Capítulo 69

Semejante locura

Hice varios viajes a Bajo Severen para proveerme de los materiales que necesitaba para fabricar el gram de Alveron. Oro en bruto. Níquel y hierro. Carbón y ácidos de grabado. Conseguí el dinero para esas compras vendiendo diversas herramientas que encontré en el taller de Caudicus. Habría podido pedirle dinero al maer, pero prefería demostrarle que tenía mis propios recursos, pues no quería que me viera como una sangría continua.

Por casualidad, mientras compraba y vendía visité muchos de los lugares donde había estado con Denna.

Me había acostumbrado tanto a encontrármela que me parecía verla a cada momento aunque no estuviera allí. Todos los días, mi esperanzado corazón daba un vuelco al verla doblar una esquina, entrar en la tienda de un zapatero, levantar una mano y saludarme desde el otro lado de un patio. Pero siempre resultaba no ser ella, y todas las noches volvía al palacio del maer más desanimado que el día anterior.

Por si eso fuera poco, Bredon se había marchado de Severen unos días atrás para ir a visitar a unos parientes suyos. No me di cuenta de lo mucho que dependía de él hasta que se hubo ido.

Como ya he dicho, fabricar un gram no es muy difícil si tienes el material adecuado, un esquema y un Alar como una hoja de acero de Ramston.

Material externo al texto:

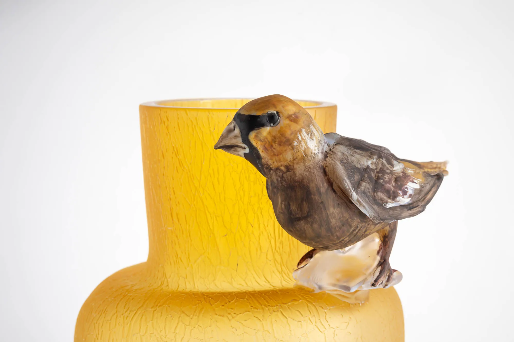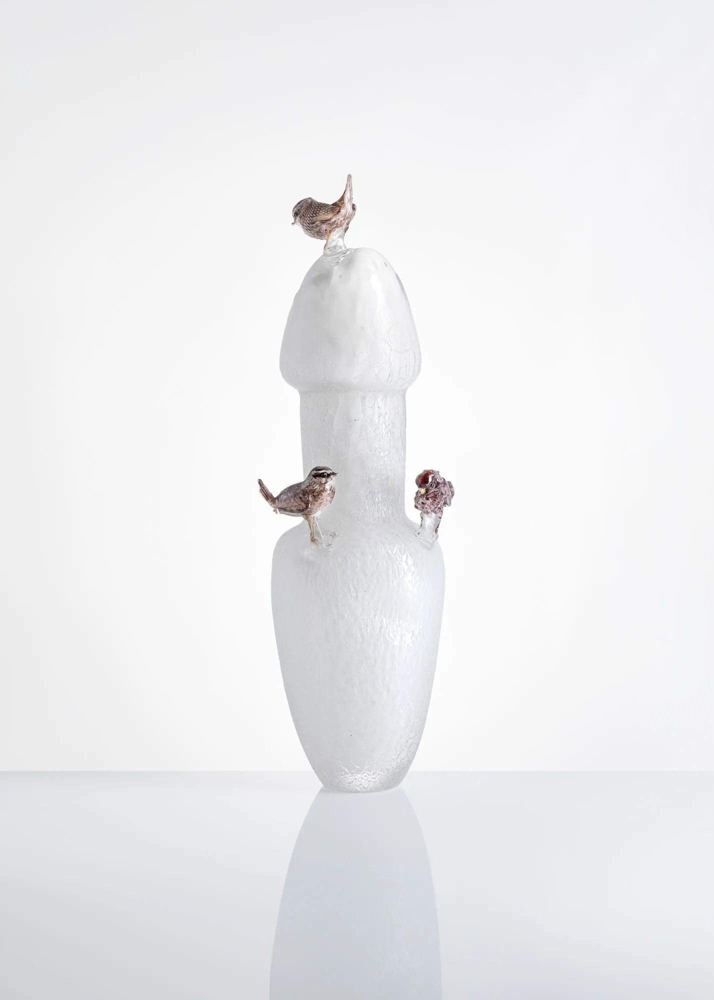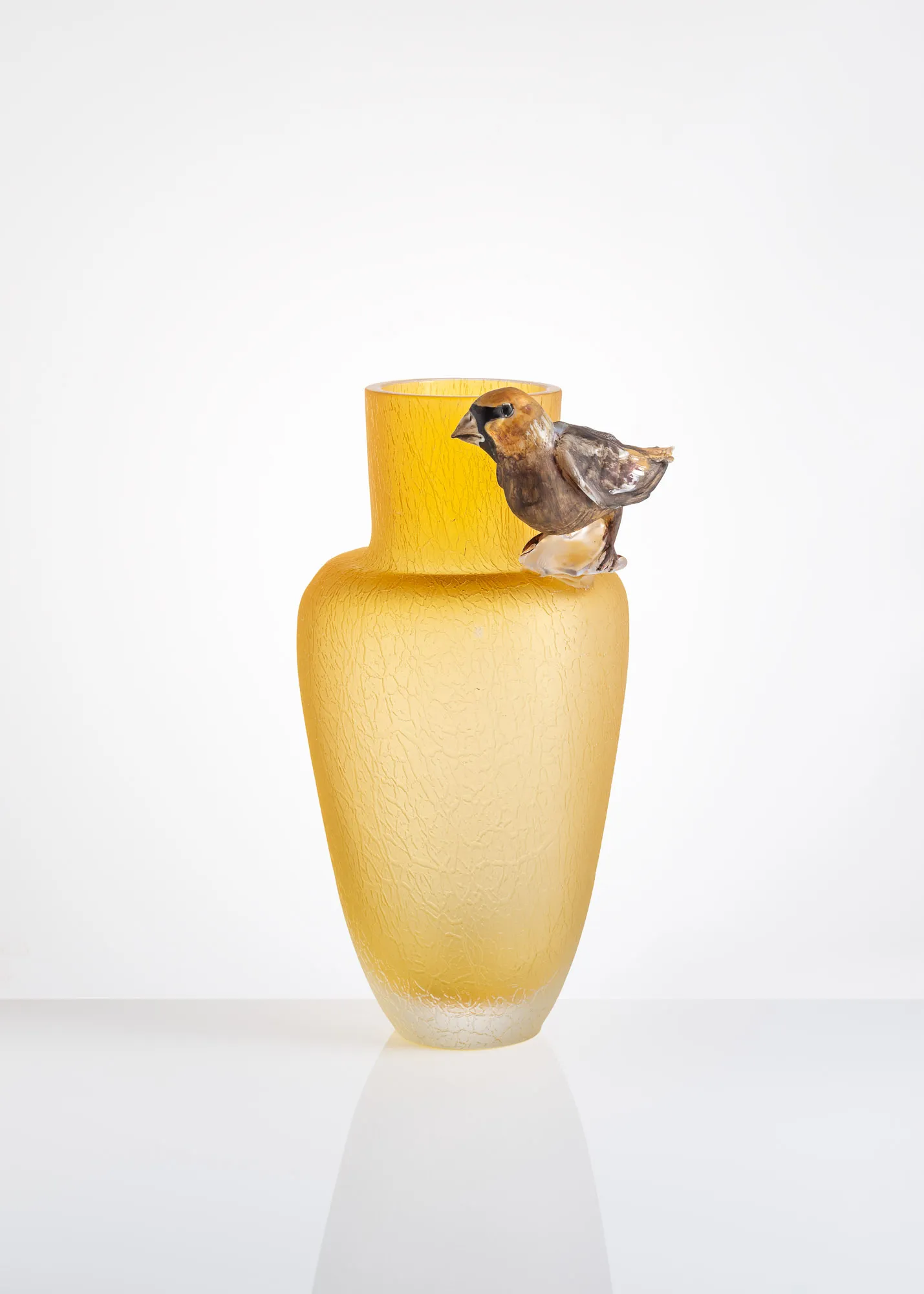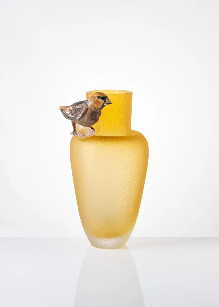 Vase as a work of art. Inspired by endangered bird species and habitats.
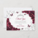 Burgundy silver Quinceanera celebration thank you card. Features, script font, butterflies, watercolor roses and tiara. Perfect for an elegant princess style glam celebration. Personalize with your own details.

Las herramientas de metalistería que había en la torre de Caudicus me sirvieron, aunque no podían compararse con las que utilizábamos en la Factoría. Reproducir el esquema tampoco fue difícil, porque tengo buena memoria para esas cosas.

Mientras trabajaba en el gram del maer, empecé a fabricar otro para sustituir el que había perdido. Por desgracia, por culpa de las herramientas, relativamente bastas, con que trabajaba, no tuve tiempo de acabarlo como me habría gustado. Terminé el gram del maer tres días después de nuestra última conversación, y seis después de la repentina desaparición de Denna. A la mañana siguiente abandoné mi infructuosa búsqueda y me instalé en uno de los cafés al aire libre, y me dediqué a buscar inspiración para la canción que le debía al maer. Pasé diez horas allí, y el único acto de creación que conseguí fue transformar por arte de magia casi un galón de café en una orina maravillosa y aromática.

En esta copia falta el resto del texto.